AUTHOR=Sun Fengze , Wang Dawei , Liu Aina , Wang Tianqi , Zhang Dongxu , Yao Huibao , Sun Kai , Zhou Zhongbao , Lu Guoliang , Wu Jitao TITLE=Efficacy and Adverse Events of PD-1 Inhibitors in Patients With Advanced Urothelial Carcinoma From a Real-World Experience JOURNAL=Frontiers in Pharmacology VOLUME=13 YEAR=2022 URL=https://www.frontiersin.org/journals/pharmacology/articles/10.3389/fphar.2022.837499 DOI=10.3389/fphar.2022.837499 ISSN=1663-9812 ABSTRACT=

Background: Programmed death 1 (PD-1) inhibitors—tislelizumab, toripalimab, camrelizumab, and sintilimab—are used for advanced urothelial carcinoma (UC) in China. To date, the efficacy and adverse events (AEs) of these PD-1 inhibitors have been poorly reported for advanced UC.

Methods: We reviewed 118 patients treated with PD-1 inhibitors for advanced UC from July 2019 to October 2021 at Yantai Yuhuangding Hospital. Patient data were obtained from hospital records and telephone follow-ups. The safety and efficacy of PD-1 inhibitors were assessed by RESIST and Common Terminology Criteria for Adverse Events (version 4.0), respectively.

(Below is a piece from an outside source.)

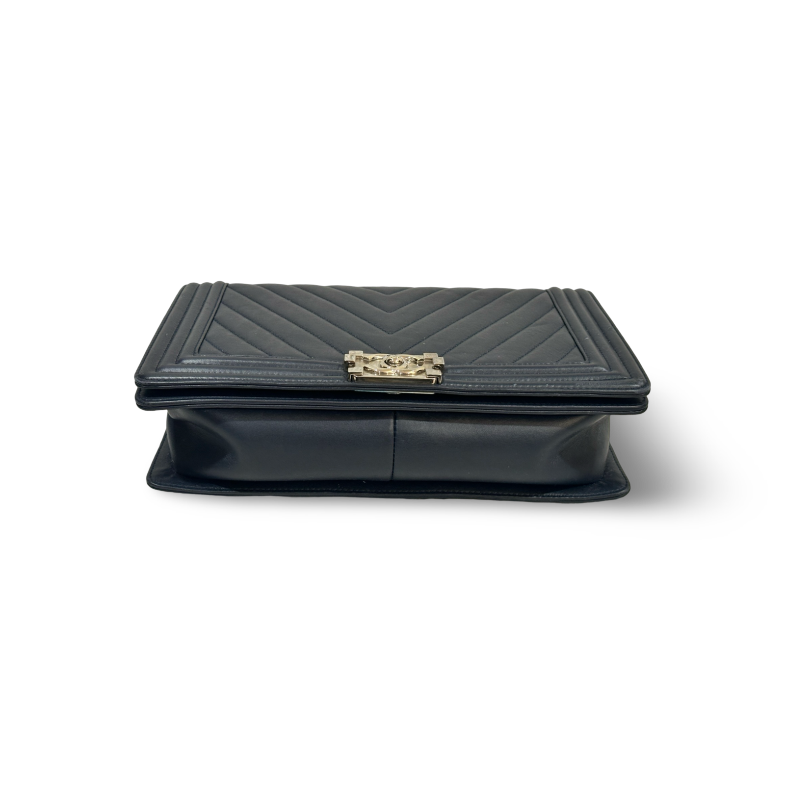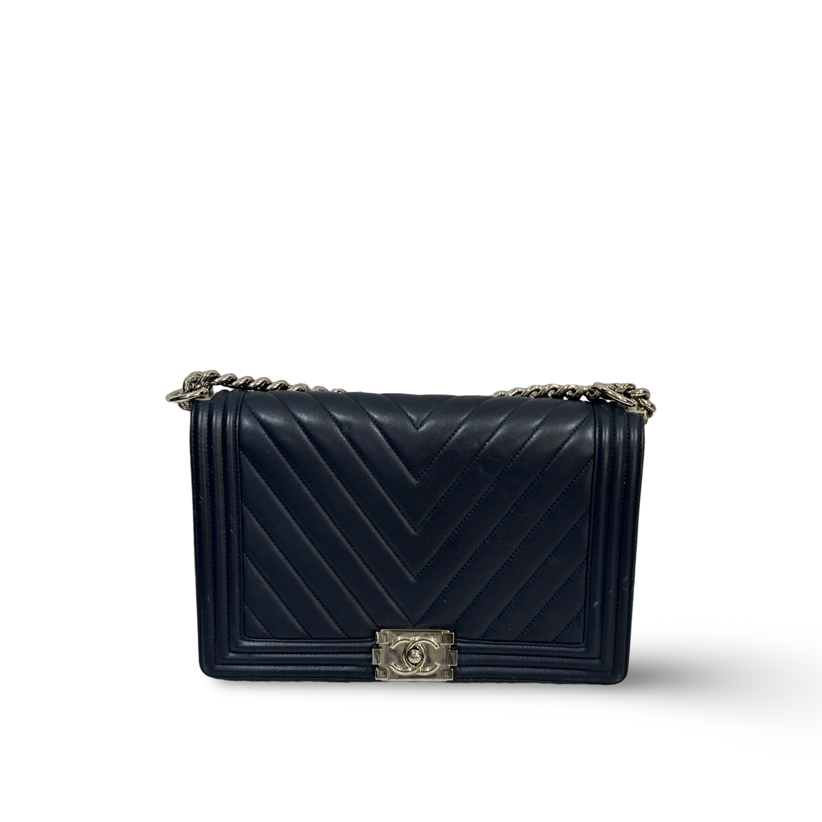 Chanel Chevron New Medium boy Bag - Sliver Navy

Results: During a median follow-up period of 6 months, 112 patients (95%) experienced AEs; of these, 104 (88%) were grade 1–2 AEs, and 60 (51%) were grade 3–4 AEs. The most common AE was anemia, and no patients died as a result of treatment. A subanalysis according to treatment method (PD-1 inhibitor vs. PD-1 inhibitor plus chemotherapy) was performed. The incidence of grade 1–2 AEs was not different between the groups (85% vs. 94%), but combination therapy significantly increased grade 3–4 AEs (32% vs. 89%). Monotherapy and combination therapy also did not differ with regard to immune-related AEs of grades 1–2 (13% vs. 22%) or grades 3–4 (1% vs. 6%). In efficacy, complete response was not observed, but 33 patients (28%) had partial response, 30 (25%) had stable disease, and 47 had progressive disease (40%). The overall response and disease control rates were 28% and 53%, respectively. The preliminary efficacy of disease control was better with combination therapy versus monotherapy (78 vs. 43%).

Conclusion: PD-1 inhibitors show promising tolerance and efficacy in advanced UC. PD-1 inhibitors combined with chemotherapy offered better disease control but had more grade 3–4 AEs. The clinical use of combination therapy warrants caution.